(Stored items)
******************************

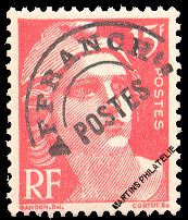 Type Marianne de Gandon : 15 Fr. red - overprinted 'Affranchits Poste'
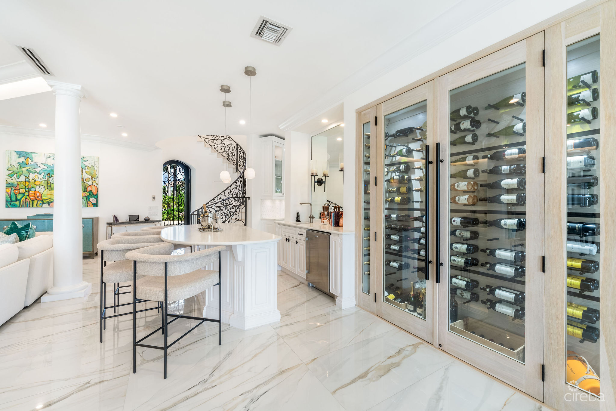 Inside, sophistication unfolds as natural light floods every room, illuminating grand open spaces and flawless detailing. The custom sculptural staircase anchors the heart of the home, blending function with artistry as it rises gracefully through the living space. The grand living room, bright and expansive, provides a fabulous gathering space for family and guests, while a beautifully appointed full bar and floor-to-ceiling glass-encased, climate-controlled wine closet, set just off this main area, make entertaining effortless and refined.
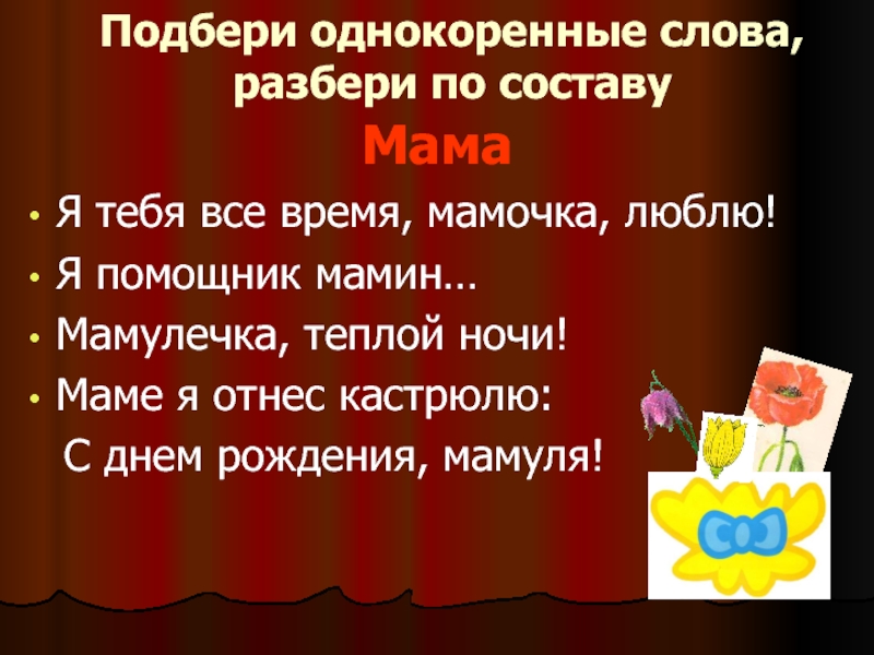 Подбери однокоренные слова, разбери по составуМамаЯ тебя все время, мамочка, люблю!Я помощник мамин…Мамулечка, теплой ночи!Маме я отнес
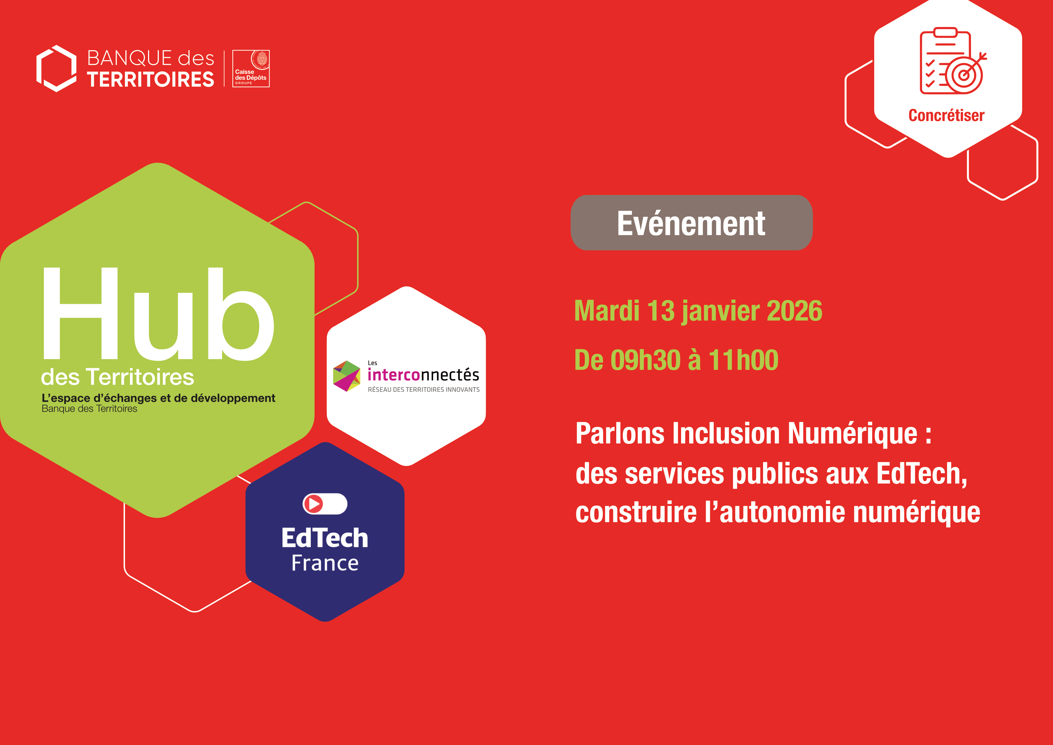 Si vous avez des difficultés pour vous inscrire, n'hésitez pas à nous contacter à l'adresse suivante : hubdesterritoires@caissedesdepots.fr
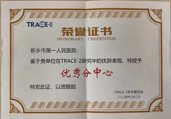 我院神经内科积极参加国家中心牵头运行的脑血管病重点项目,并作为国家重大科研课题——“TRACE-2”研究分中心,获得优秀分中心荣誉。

******************************

**Task to complete:**
Write out nothing but the lines from the one with "Inside, sophistication unfolds" through the last line of the entries, exactly as they stand; pictures are not part of the copy.

**Result below:**
 Inside, sophistication unfolds as natural light floods every room, illuminating grand open spaces and flawless detailing. The custom sculptural staircase anchors the heart of the home, blending function with artistry as it rises gracefully through the living space. The grand living room, bright and expansive, provides a fabulous gathering space for family and guests, while a beautifully appointed full bar and floor-to-ceiling glass-encased, climate-controlled wine closet, set just off this main area, make entertaining effortless and refined.
 Подбери однокоренные слова, разбери по составуМамаЯ тебя все время, мамочка, люблю!Я помощник мамин…Мамулечка, теплой ночи!Маме я отнес
 Si vous avez des difficultés pour vous inscrire, n'hésitez pas à nous contacter à l'adresse suivante : hubdesterritoires@caissedesdepots.fr
 我院神经内科积极参加国家中心牵头运行的脑血管病重点项目,并作为国家重大科研课题——“TRACE-2”研究分中心,获得优秀分中心荣誉。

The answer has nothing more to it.